ABOUT THIS TASK: When a picture appears in the listing, leave it out and copy the rest exactly as it stands.

DATASET SECTION:
- - - -

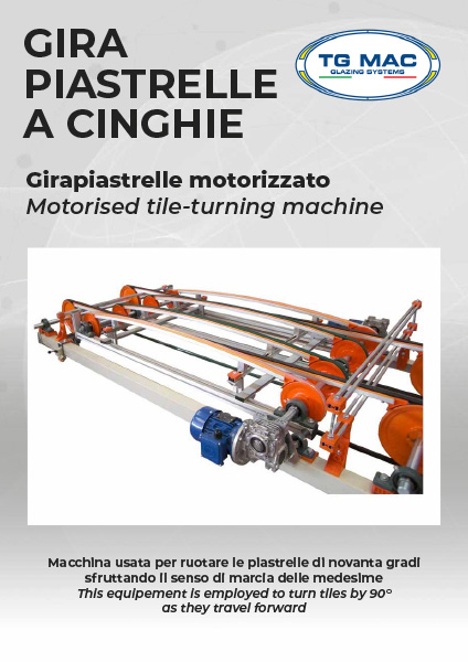 Machine used to rotate tiles through ninety degrees using their direction of travel. The motorized tile turner can be equipped with a rapid raising and lowering system to allow it to be used or excluded quickly from the glazing line without the need to dismantle the side.
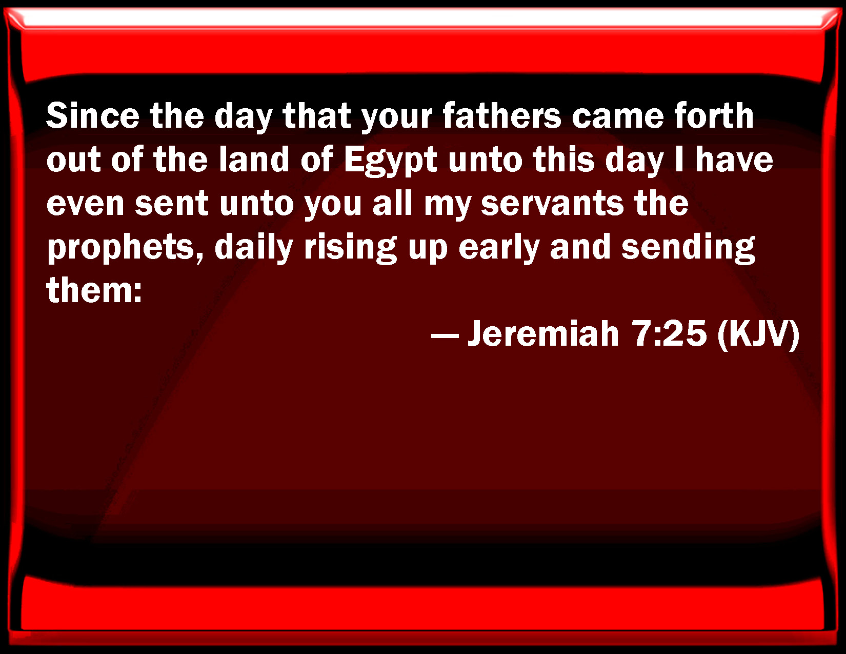 Bible Verse Slide Jeremiah 7:25 Since the day that your fathers came forth out of the land of Egypt to this day I have even sent to you all my servants the prophets, daily rising up early and sending them: KJV: Since the day that your fathers came forth out of the land of Egypt unto this day I have even sent unto you all my servants the prophets, daily rising up early and sending them: DRB: From the day that their fathers came out of the land of Egypt, even to this day. And I have sent to you all my servants the prophets from day to day, rising up early and sending. DBT: Since the day that your fathers came forth out of the land of Egypt, unto this day, have I sent unto you all my servants the prophets, daily rising up early and sending them; ERV: Since the day that your fathers came forth out of the land of Egypt unto this day, I have sent unto you all my servants the prophets, daily rising up early and sending them: WBT: Since the day that your fathers came forth from the land of Egypt to this day I have even sent to you all my servants the prophets, daily rising early and sending them: WEB: Since the day that your fathers came forth out of the land of Egypt to this day, I have sent to you all my servants the prophets, daily rising up early and sending them: YLT: Even from the day when your fathers Went out of the land of Egypt till this day, I send to you all my servants the prophets, Daily rising early and sending,Links Jeremiah 7:25 NIV • Jeremiah 7:25 NLT • Jeremiah 7:25 ESV • Jeremiah 7:25 NASB • Jeremiah 7:25 KJV • Jeremiah 7:25 Interlinear • Jeremiah 7:25 Commentaries • Jeremiah 7:25 Parallel Texts • Jeremiah 7:25 Bible Apps • Jeremiah 7:25 Parallel • Bible Hub |
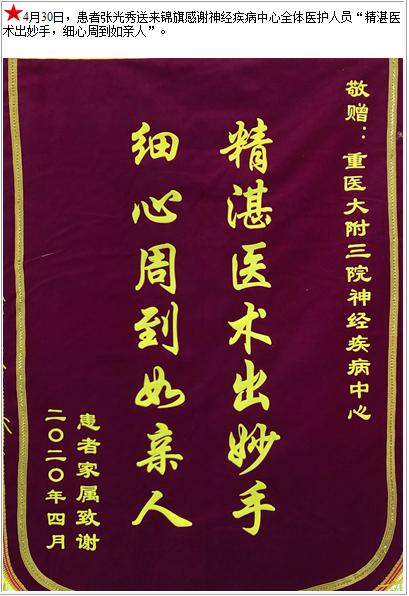 患者张光秀送来锦旗感谢神经疾病中心全体医护人员“精湛医术出妙手,细心周到如亲人”-锦旗-患者心声-患者服务-重庆医科大学附属第三医院【官方网站】
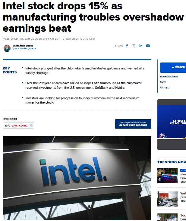 這場崩跌,與其說是 Intel 的徹底失敗,不如說是一場市場狂熱預期與殘酷製造現實的迎頭對撞。

- - - -

TASK OUTPUT:
 Machine used to rotate tiles through ninety degrees using their direction of travel. The motorized tile turner can be equipped with a rapid raising and lowering system to allow it to be used or excluded quickly from the glazing line without the need to dismantle the side.
 Bible Verse Slide Jeremiah 7:25 Since the day that your fathers came forth out of the land of Egypt to this day I have even sent to you all my servants the prophets, daily rising up early and sending them: KJV: Since the day that your fathers came forth out of the land of Egypt unto this day I have even sent unto you all my servants the prophets, daily rising up early and sending them: DRB: From the day that their fathers came out of the land of Egypt, even to this day. And I have sent to you all my servants the prophets from day to day, rising up early and sending. DBT: Since the day that your fathers came forth out of the land of Egypt, unto this day, have I sent unto you all my servants the prophets, daily rising up early and sending them; ERV: Since the day that your fathers came forth out of the land of Egypt unto this day, I have sent unto you all my servants the prophets, daily rising up early and sending them: WBT: Since the day that your fathers came forth from the land of Egypt to this day I have even sent to you all my servants the prophets, daily rising early and sending them: WEB: Since the day that your fathers came forth out of the land of Egypt to this day, I have sent to you all my servants the prophets, daily rising up early and sending them: YLT: Even from the day when your fathers Went out of the land of Egypt till this day, I send to you all my servants the prophets, Daily rising early and sending,Links Jeremiah 7:25 NIV • Jeremiah 7:25 NLT • Jeremiah 7:25 ESV • Jeremiah 7:25 NASB • Jeremiah 7:25 KJV • Jeremiah 7:25 Interlinear • Jeremiah 7:25 Commentaries • Jeremiah 7:25 Parallel Texts • Jeremiah 7:25 Bible Apps • Jeremiah 7:25 Parallel • Bible Hub |
 患者张光秀送来锦旗感谢神经疾病中心全体医护人员“精湛医术出妙手,细心周到如亲人”-锦旗-患者心声-患者服务-重庆医科大学附属第三医院【官方网站】
 這場崩跌,與其說是 Intel 的徹底失敗,不如說是一場市場狂熱預期與殘酷製造現實的迎頭對撞。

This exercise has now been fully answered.